The government has rejected calls to automatically enrol pension savers into a guidance appointment with Pension Wise before they can access their retirement pot.
In its response to the work and pension committee's report, Protecting pension savers—five years on from the Pension Freedoms: Accessing pension savings report, the government said it shares the committee’s desire to see increased take up of the free guidance through Pension Wise, however argued it does not wish to “compel those who do not wish or may not need to receive guidance”.
It said the stronger nudge to pension guidance will ensure that individuals in scope will not be able to access their defined contribution pension savings unless they either receive Pension Wise guidance or express a firm and clear preference to opt out of guidance.

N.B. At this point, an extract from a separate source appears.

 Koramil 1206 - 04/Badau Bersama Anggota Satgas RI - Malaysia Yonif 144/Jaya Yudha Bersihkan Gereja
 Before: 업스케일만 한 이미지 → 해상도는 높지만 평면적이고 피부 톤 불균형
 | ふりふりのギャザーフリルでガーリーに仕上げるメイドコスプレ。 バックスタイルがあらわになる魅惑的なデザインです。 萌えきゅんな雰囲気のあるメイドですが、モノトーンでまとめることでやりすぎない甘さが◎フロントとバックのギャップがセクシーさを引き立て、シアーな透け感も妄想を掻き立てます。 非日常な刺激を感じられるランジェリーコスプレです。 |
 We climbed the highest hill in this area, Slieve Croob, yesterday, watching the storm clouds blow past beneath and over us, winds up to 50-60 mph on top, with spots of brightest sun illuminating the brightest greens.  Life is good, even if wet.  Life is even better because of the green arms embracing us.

It also allows schemes to offer to book members an appointment at the earliest point possible, before they have made a final decision about access.

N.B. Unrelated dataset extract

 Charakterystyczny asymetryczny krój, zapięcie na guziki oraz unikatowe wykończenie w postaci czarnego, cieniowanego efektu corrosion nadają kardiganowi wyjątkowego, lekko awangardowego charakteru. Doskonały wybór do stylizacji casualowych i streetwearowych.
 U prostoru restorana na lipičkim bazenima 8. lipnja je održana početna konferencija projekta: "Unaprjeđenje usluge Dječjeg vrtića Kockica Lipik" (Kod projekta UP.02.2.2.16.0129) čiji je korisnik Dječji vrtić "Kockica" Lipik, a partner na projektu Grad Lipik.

“We believe this approach gives strong encouragement towards those who may benefit from guidance to take up the offer of a Pension Wise appointment before accessing their defined contribution (DC) pension savings,” it said.
“We do not believe that it is appropriate to set a target figure for Pension Wise uptake, as we believe the decision to take up guidance is a personal one, which is affected by a variety of individual circumstances. We also do not support the trial of a system by which members are automatically booked a Pension Wise appointment.”
The government said the decision to use advice or guidance will depend upon individuals’ circumstances and should be understood within context.
It could be affected by an individual’s levels of financial literacy, other sources of information and guidance they may have utilised, and the makeup of their pension savings.
“We are committed to ensuring individuals have the support and information they need to make informed choices about their financial futures, striking the right balance between providing vital protections for pension savers, while also giving them freedom and choice over how they use their hard-earned savings,” it said.
Alongside the cost concerns, the government argued that it believes this intervention risks driving members towards pension guidance that may be inappropriate for them and risks further disengagement with guidance services.
Stephen Timms, chairperson of the work and pensions committee, said: “We welcome the government’s commitment to take forward work on many of the important issues we raised – for example, to extend collective defined contribution schemes and improve the data we have on what individual savers are doing.
"We remain concerned however that, without an ambitious target, take-up of Pension Wise will continue to be low. The government has rejected the committee’s recommendation for trials of automatic Pension Wise appointments, deciding instead to proceed with its ‘stronger nudge’, which the committee did not think would be enough to make receiving pensions guidance the norm. Ministers must now set out plans to monitor the impact of the stronger nudge, what they think will count as success, and set a timeline for review.”